It was a long and uninteresting series of events that led me to ride my daughter’s Breezer Downtown EX down the side of a mountain, but here’s the important part: It was fun.

An outing during a family camping trip that went a little bit differently than expected found us at the head of a fantastically fun single-track through the Selkirks of southeastern British Columbia, me on a beautiful full-suspension mountain bike, she on her beloved yellow urban ride, complete with basket and blinking lights.

Don’t try this at home. Maybe. Photo by Nadia Honnet.

I convinced her to trade bikes with me, partly because I thought putting her on a proper mountain bike would be the safe thing to do on a mountain-bike trail (I didn’t neglect my fatherly responsibilities completely). But partly because I relished the thought of crushing a mountain bike trail on a teenager’s city bike.
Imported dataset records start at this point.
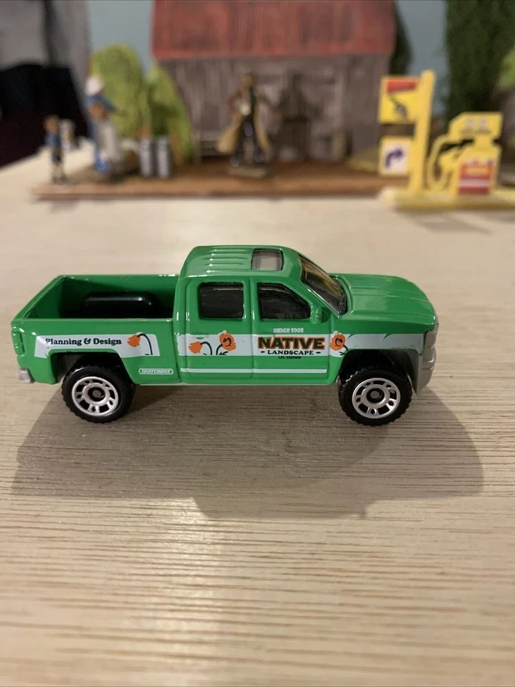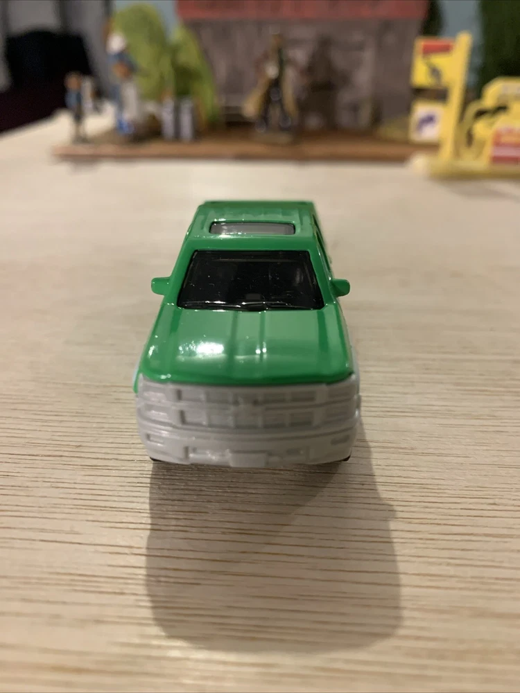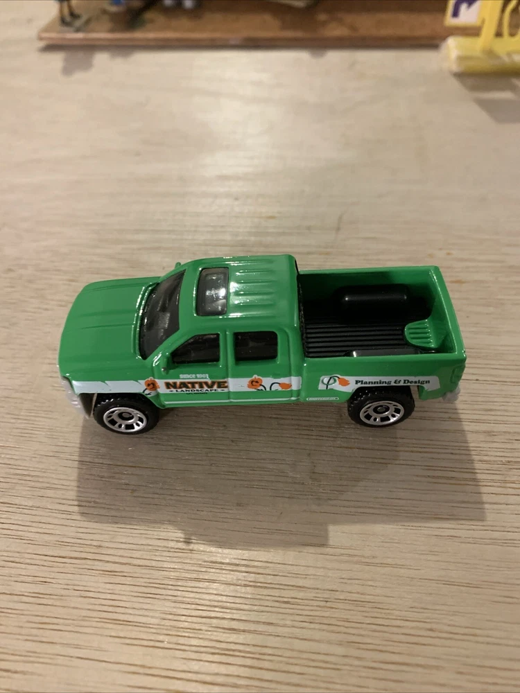 This is a Matchbox 1:64 scale diecast model of a 2015 Chevrolet Chevy Silverado 1500 in green. The collectible toy car features intricate details suitable for display in dioramas or collections. The model captures the essence of the Chevy Silverado 1500, making it a desirable addition for fans of diecast vehicles or Chevrolet trucks.
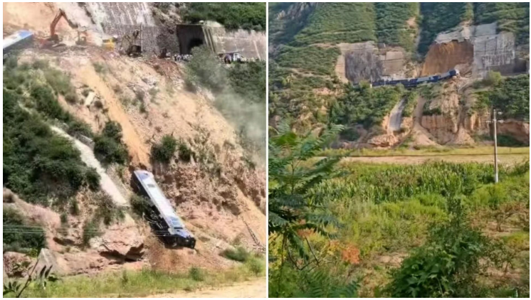 另有畫面顯示,現(xiàn)場多輛工程機械在搶修線路,有機車車體墜落在鐵路線外側(cè)陡坡上。上述工作人員表示,“不把機車部分車體推向外側(cè)陡坡,無法快速搶修鐵路線?!?/span>
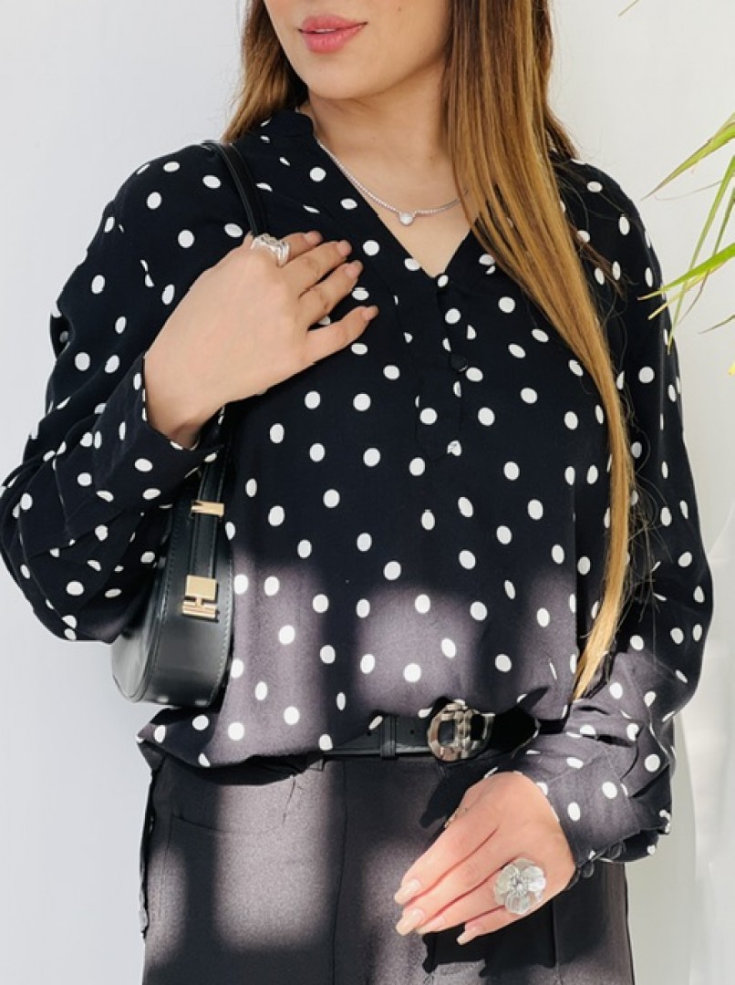شومیز مشکی با طرح توپتوپی، انتخابی شیک و پرطرفدار برای استایلهای مهمانی و بیرونی است. این شومیز با طراحی جذاب و رنگ مشکی کلاسیک، بهراحتی با انواع شلوار و دامن ست میشود و ظاهری خاص و چشمنواز به شما میدهد. پارچه خوشفرم و تنخور عالی آن، گزینهای ایدهآل برای استفاده روزمره، دورهمیها و مهمانیهای دوستانه محسوب میشود -

Hence, I found myself cresting tabletops and rounding berms at full-speed, fenders bumping along and V-brakes squealing under the strain. I feel like I should tell you that this is unadvisable, and you should not do it.

But in the midst of this ride (which, not coincidentally, was a heap of fun, especially seeing the looks on the faces of other trail riders on $6,000 carbon-framed full-suspension downhill rigs who did double-takes on my basket), one thought kept popping into my head: Do you really need a mountain bike for this?

Of course, a proper mountain bike is the right thing to use, for safety and enjoyment. But the experience got me thinking that perhaps we North Americans have let our gearhead tendencies get the best of us. Cyclists, in particular, seem to obsess over having the “proper” bike for whatever kind of ride they are doing: A road bike for a country road, a mountain bike for a trail, a city bike for a city ride. It’s getting to rather absurd lengths when it’s now possible to buy a bike specially built for gravel rides.

Don’t get me wrong. I’m a sucker to the n+1 philosophy of bike ownership as much as the next bike nerd (a formula stipulating the ideal number of bikes you should own, in which n is the number you currently own).  But riding a totally inappropriate machine down a trail and having a blast doing it reminded me that maybe we don’t need a different bike for every ride. Maybe sometimes having a bike that’s good enough is, well, good enough. Maybe we should stop subtly shaming people who show up for a group road ride without a proper road bike, or who ride a hard-tail on a rocky trail. Maybe, ultimately, the ride is more important than the machine we ride on.

But then again, maybe I’m not thinking clearly because my brain got rattled on that mountain bike trail. Man, front suspension would have been nice.